Al primo posto in classifica – per la spesa – ci sono gli Usa, seguiti da Cina, Arabia Saudita e Russia.

Secondo i dati del Sipri, (Stockholm International Peace Research Institute che spieghiamo nel box Chi fa Cosa) negli ultimi cinque anni l’aumento di spesa in sistemi d’arma ha raggiunto una crescita dell’8,4 per cento, livello che non si raggiungeva dal 1990. Gli acquirenti principali sono India, Arabia Saudita, Emirati Arabi, Cina e Algeria, che da soli hanno comprato il 34 per cento di tutte le armi vendute.

Asia e Oceania si sono accaparrate il 43 per cento, mentre nel Vicino Oriente è finito il 29 per cento degli armamenti, l’Europa ne ha comprato l’11, America (esclusi gli Stati Uniti)  e Africa son rimaste a livelli più bassi.

Per quanto riguarda le vendite a capo della classifica ci sono ancora una volta Stati Uniti, Russia, Cina, Francia e Germania, che hanno contribuito il 74 per cento delle esportazioni totali.
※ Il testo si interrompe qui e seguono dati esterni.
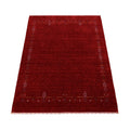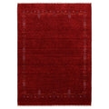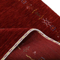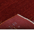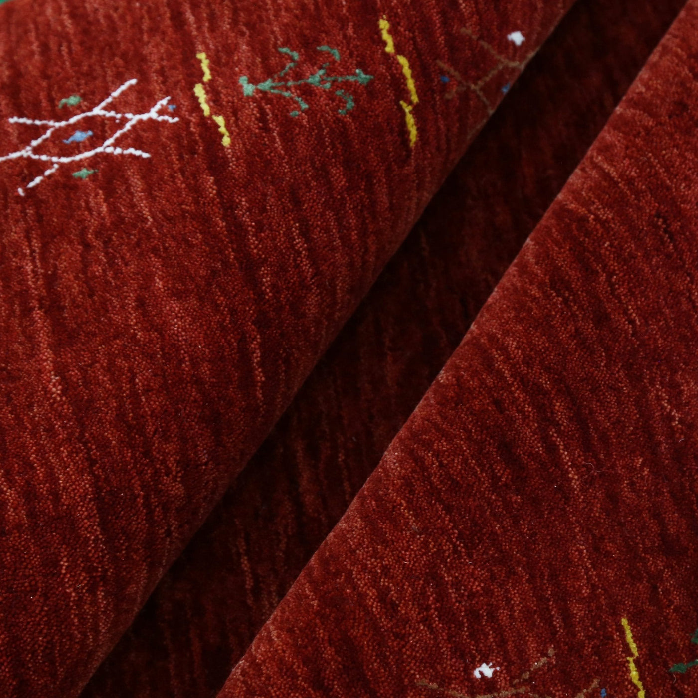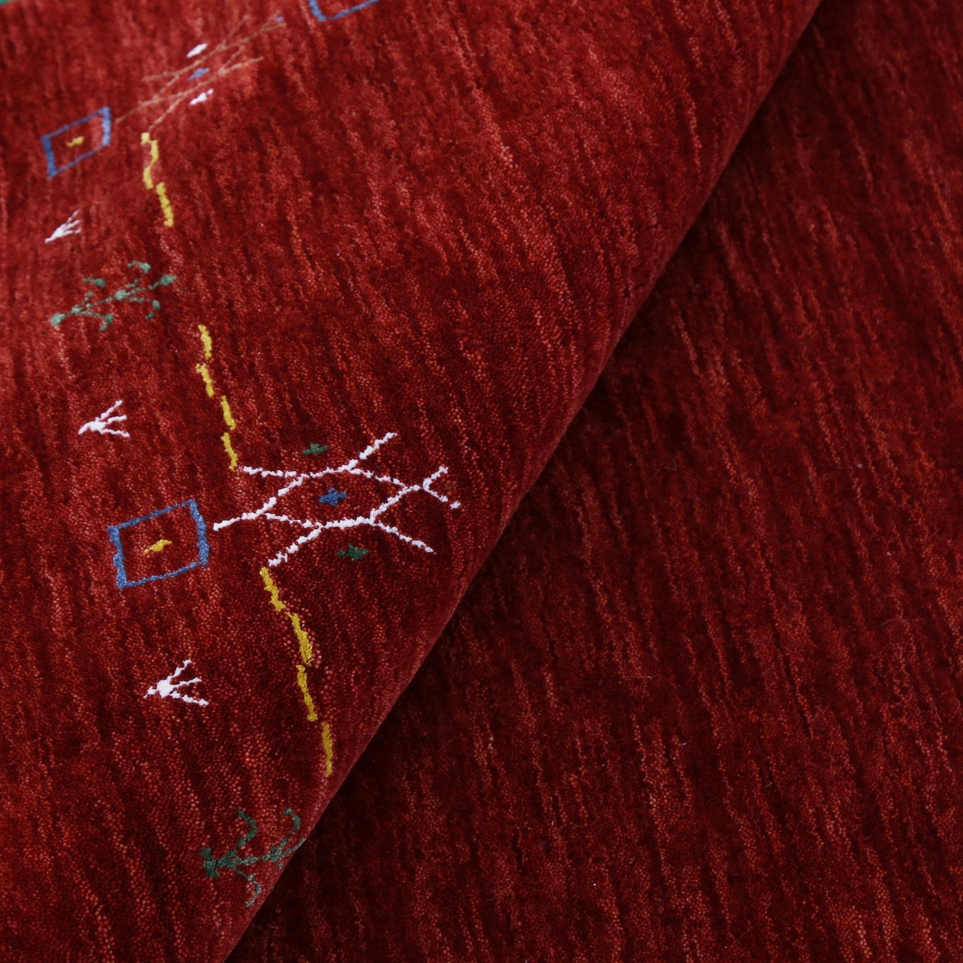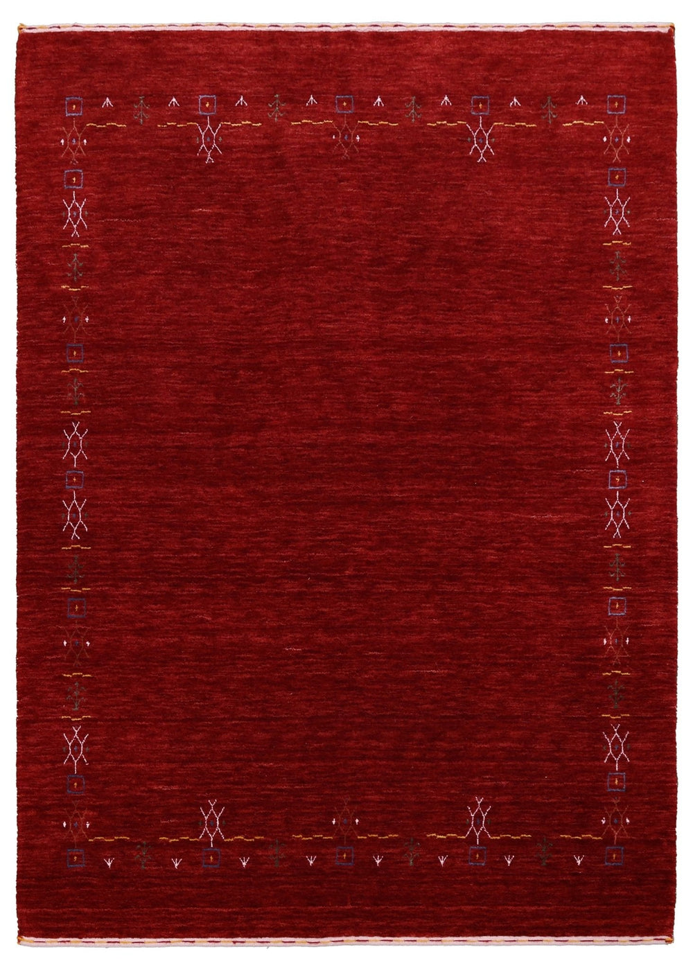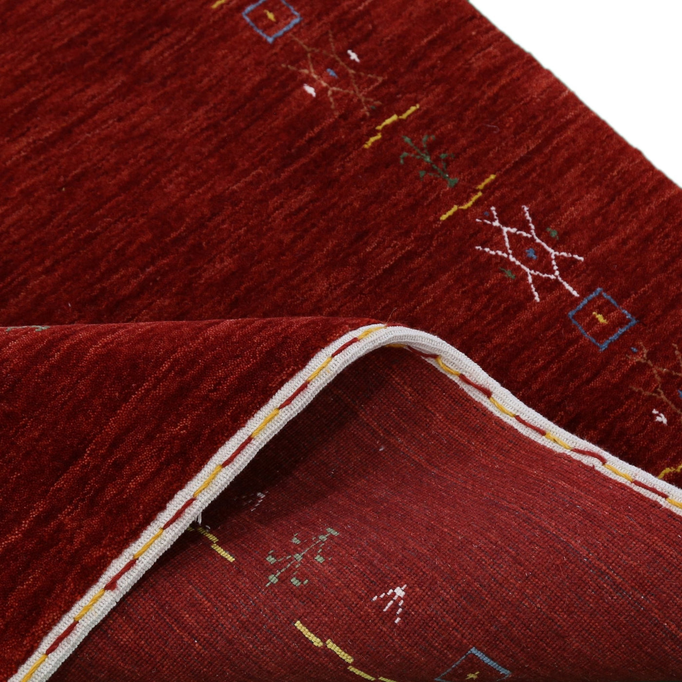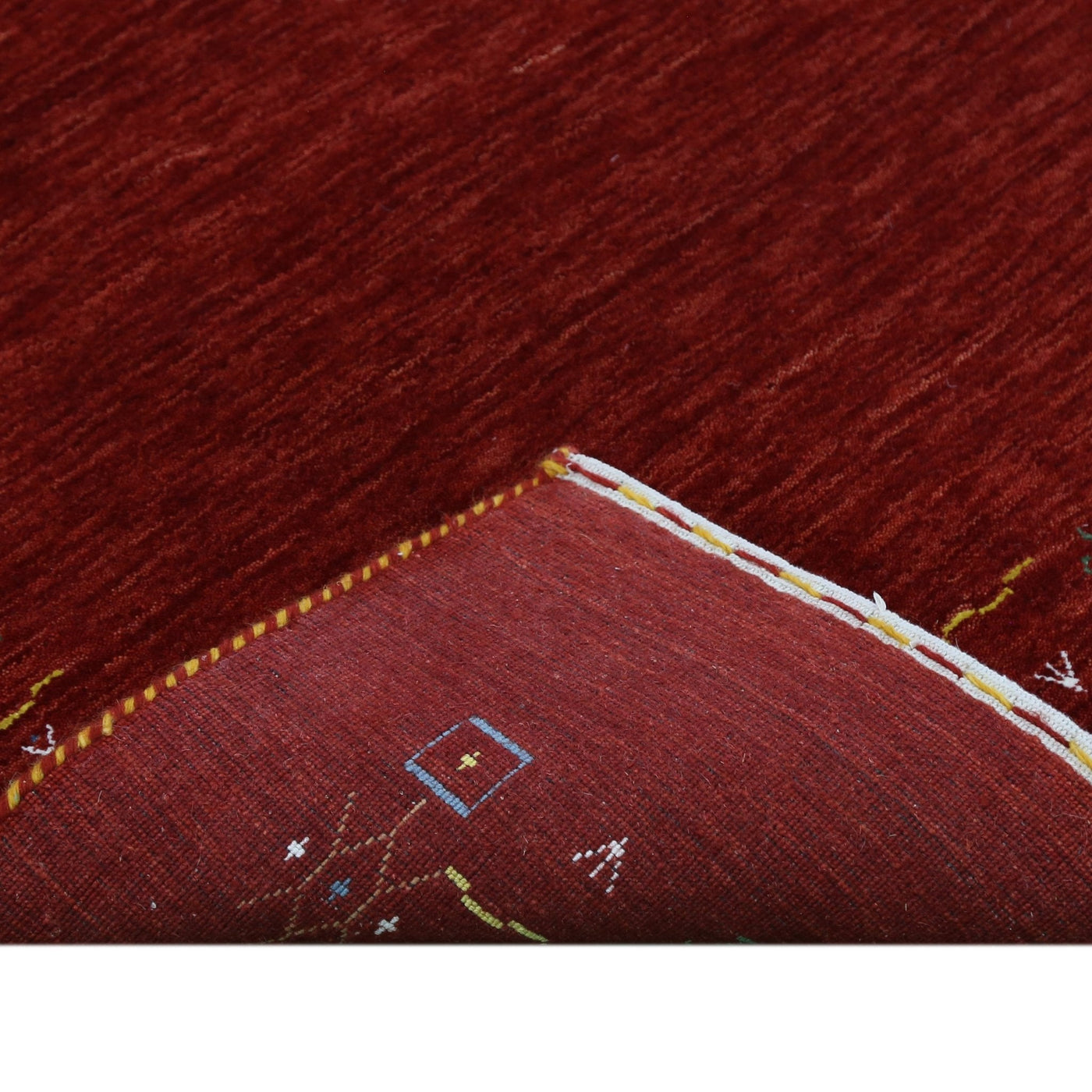 This hand loomed wool rug features a striking red Gabbeh border design, adding a touch of warmth and elegance to any room. Crafted with care and ready to ship, its quality construction ensures durability and its beautiful design offers a timeless look. Elevate your space with this versatile and unique area rug.
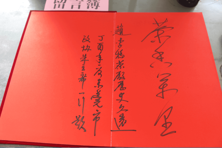 (在传习所内,东莞市政协原副主席朱伍坤题词留念)
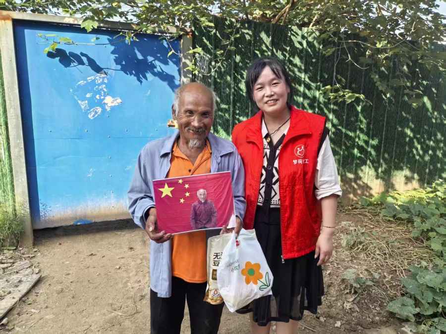 带着这份“特殊礼物”与精心准备的中秋慰问品,社工逐一探访了合影特困老人家庭。当老人们从我们手中接过装帧清晰地合影时,喜悦与感动溢于言表。手捧与国旗的珍贵合影,年近八旬的杨爷爷动情地说:“这份礼物太珍贵了,比什么都强,我得好好保存!”

Usa e Russia, da soli, hanno raggiunto il 56 per cento.

Un discorso a parte va poi affrontato sulla Nato, creata per la collaborazione nella difesa delle Nazioni aderenti, della quale fanno oggi parte 28 Paesi.

Secondo l’articolo 5 del trattato di Washington: “le parti convengono che un attacco armato contro una o più di esse in Europa o nell’America settentrionale sarà considerato come un attacco diretto contro tutte le parti, e di conseguenza convengono che se un tale attacco si producesse, ciascuna di esse, nell’esercizio del diritto di legittima difesa, individuale o collettiva, riconosciuto dall’art. 51 dello Statuto delle Nazioni Unite, assisterà la parte o le parti attaccate, intraprendendo immediatamente, individualmente e di concerto con le altre parti, l’azione che giudicherà necessaria, compreso l’uso delle forze armate, per ristabilire e mantenere la sicurezza nella regione dell’Atlantico settentrionale”.

La spesa per l’alleanza è in crescita, spinta dal protagonismo degli Usa. Nel gennaio del 2017 il presidente Trump ha richiamato all’ordine gli alleati, chiedendo loro di rispettare l’obbligo sancito nell’accordo: raggiungere il 2% di Pil in spesa militare.

Nel 2015 gli alleati europei nella Nato hanno speso per la difesa 253 miliardi di dollari contro i 618 miliardi spesi dagli Stati Uniti. Per rispettare l’accordo,  i Paesi europei dovrebbero aumentare di 100 miliardi di dollari il loro budget militare annuale,  visto che il loro contributo attuale non supera l’1,43% del prodotto interno lordo.

Altro dato interessante, quello sulle esportazioni: nel 2015 è finito nell’Africa subsahariana il 42% delle armi vendute dai Paesi Occidentali, in cambio di petrolio, gas, risorse minerarie e naturali, terra, controllo politico dell’area.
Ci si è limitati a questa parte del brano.